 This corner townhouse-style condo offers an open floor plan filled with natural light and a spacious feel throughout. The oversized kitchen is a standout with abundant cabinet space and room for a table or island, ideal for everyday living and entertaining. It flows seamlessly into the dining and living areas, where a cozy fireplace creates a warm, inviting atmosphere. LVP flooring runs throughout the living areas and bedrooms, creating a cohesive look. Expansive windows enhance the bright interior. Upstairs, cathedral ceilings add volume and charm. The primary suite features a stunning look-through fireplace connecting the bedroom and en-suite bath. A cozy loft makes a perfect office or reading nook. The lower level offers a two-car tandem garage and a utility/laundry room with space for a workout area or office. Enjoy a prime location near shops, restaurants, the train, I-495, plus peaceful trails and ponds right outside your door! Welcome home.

+ + + + +

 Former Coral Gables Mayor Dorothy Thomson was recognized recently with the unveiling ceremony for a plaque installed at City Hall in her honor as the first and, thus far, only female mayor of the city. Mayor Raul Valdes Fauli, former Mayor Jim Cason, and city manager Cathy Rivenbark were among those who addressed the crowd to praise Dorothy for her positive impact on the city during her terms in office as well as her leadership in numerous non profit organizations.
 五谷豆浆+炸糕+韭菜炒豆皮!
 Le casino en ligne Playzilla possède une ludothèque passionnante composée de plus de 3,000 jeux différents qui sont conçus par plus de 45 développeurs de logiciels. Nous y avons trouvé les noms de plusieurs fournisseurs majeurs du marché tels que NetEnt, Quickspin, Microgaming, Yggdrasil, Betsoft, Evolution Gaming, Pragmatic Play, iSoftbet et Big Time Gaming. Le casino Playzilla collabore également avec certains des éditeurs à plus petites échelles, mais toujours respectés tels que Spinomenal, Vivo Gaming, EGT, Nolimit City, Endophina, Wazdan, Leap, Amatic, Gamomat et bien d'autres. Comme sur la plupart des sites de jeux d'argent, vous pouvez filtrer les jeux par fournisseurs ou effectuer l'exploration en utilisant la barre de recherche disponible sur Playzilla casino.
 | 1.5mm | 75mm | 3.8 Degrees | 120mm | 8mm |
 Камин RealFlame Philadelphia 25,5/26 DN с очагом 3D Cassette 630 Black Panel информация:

+ + + + +

Some lines contain the word "with". Pull each one out of the listing.

 This corner townhouse-style condo offers an open floor plan filled with natural light and a spacious feel throughout. The oversized kitchen is a standout with abundant cabinet space and room for a table or island, ideal for everyday living and entertaining. It flows seamlessly into the dining and living areas, where a cozy fireplace creates a warm, inviting atmosphere. LVP flooring runs throughout the living areas and bedrooms, creating a cohesive look. Expansive windows enhance the bright interior. Upstairs, cathedral ceilings add volume and charm. The primary suite features a stunning look-through fireplace connecting the bedroom and en-suite bath. A cozy loft makes a perfect office or reading nook. The lower level offers a two-car tandem garage and a utility/laundry room with space for a workout area or office. Enjoy a prime location near shops, restaurants, the train, I-495, plus peaceful trails and ponds right outside your door! Welcome home.
 Former Coral Gables Mayor Dorothy Thomson was recognized recently with the unveiling ceremony for a plaque installed at City Hall in her honor as the first and, thus far, only female mayor of the city. Mayor Raul Valdes Fauli, former Mayor Jim Cason, and city manager Cathy Rivenbark were among those who addressed the crowd to praise Dorothy for her positive impact on the city during her terms in office as well as her leadership in numerous non profit organizations.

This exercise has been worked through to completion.